Assignment 5 - Computer Science

Assignment 5
Generating Random N-Grams
1. Overview
This project is a variation on what you will find in J&M, p. 93. It will give you an
opportunity to explore the properties of N-Grams.
2. The Basic Idea (Using the Bogensberger-Johnson Cumulative Probability
Technique)
Imagine that you have before you a very long sheet of paper, along with a list of
all words in English and their relative frequencies, in no particular order. The
paper represents the interval [0..1]. Go through the words in the list one by one.
Assign each word an interval on the paper in proportion to its relative frequency.
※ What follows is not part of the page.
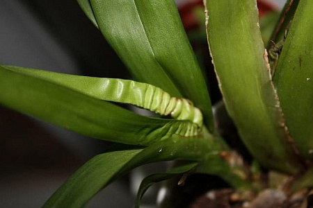 Скажите, пожалуйста, что с моей камбрией. Вылазят вот такие листья. Она кажется остановилась рости, а я дернула за листочек, а он вот такой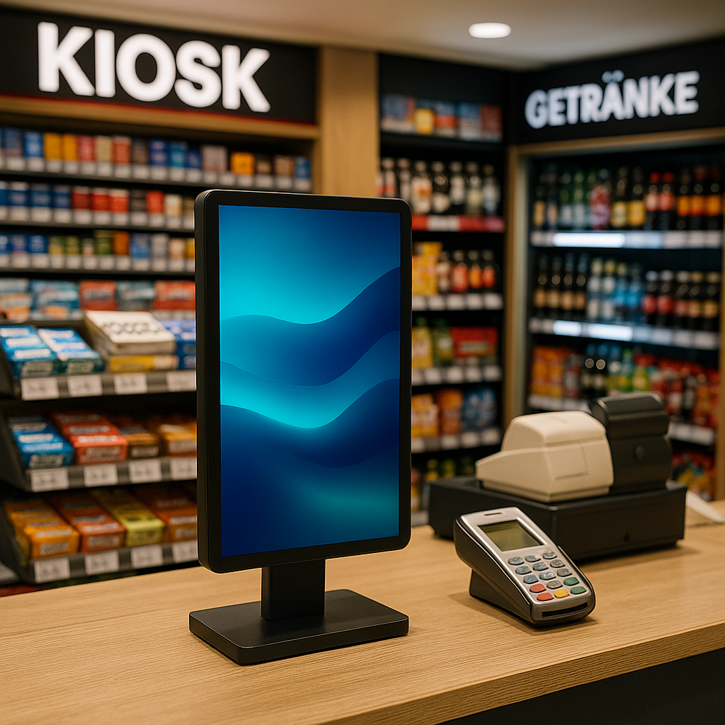 Mit dem eleganten Smart LCD Bildschirm ist Ihre Werbung immer zur richtigen Zeit am richtigen Ort sichtbar – beim Betreten der Annahmestelle, während des Einkaufsvorgangs und natürlich direkt an der Kasse.

The interval is indicated by a vertical line and the cumulative probability of that
word, given all words that have preceded it, written below the word. As an
example, suppose your impoverished corpus has only these six Italian words with
their accompanying relative frequencies:
al
tavola
non
ci
invecchia
mai
Relative Frequency
.3
.1
.05
.05
.4
.1
Cumulative Probability
.3
.4
.45
.5
.9
1
At the end of the process you would have a sheet of paper with these properties:
 the ‘al’ interval would be the first 30% of the sheet of paper
 the ‘tavola’ interval would be the next 10% of the sheet of paper
 the ‘non’ interval would be the next 5% of the sheet of paper
 the ‘ci’ inverval would be the next 5% of the sheet of paper
 the ‘invecchia’ interval would be the 40% of the sheet of paper
 the ‘mai’ interval would be the final 10% of the sheet of the paper.
The sum of the relative frequencies of the word adds up to 1.0 and is represented
by the full length of the sheet of paper. The paper has been divided into as many
intervals as there are words, with each word having been assigned an interval
whose width is in proportion to its relative frequency. You now generate a
random number in the interval (0..1) and print the first word whose cumulative
probability mass marker exceeds the random number generated. You continue
this process until you have generated a pre-determined number of words.
3. Extending the Idea to N-Grams
The basic idea can be extended to bigrams, trigrams, and quadgrams by using
the N-Gram relative frequency equation on p. 89 (4.15). You can further extend
the idea to corpora that have beginning and end of sentence markers (<s>, </s>)
by altering the beginning and end of the process. At the beginning, generate
random numbers until an N-Gram beginning with <s> has an interval of
appropriate size. At the end, continue generating grams until an N-Gram ending
with <\s> has an interval of the appropriate size.
4. Tokenize a corpus
Bring up python 2.7 and do this:
>>import nltk
>>from nltk.corpus import brown
>>news = brown.sents(categories=’editorial’)
This will produce a list of all sentences in a subsection of the Brown corpus, the
first large corpus of English text, created in 1961 at Brown University. The little
‘u’ you see before each word indicates that it has been encoded using Unicode.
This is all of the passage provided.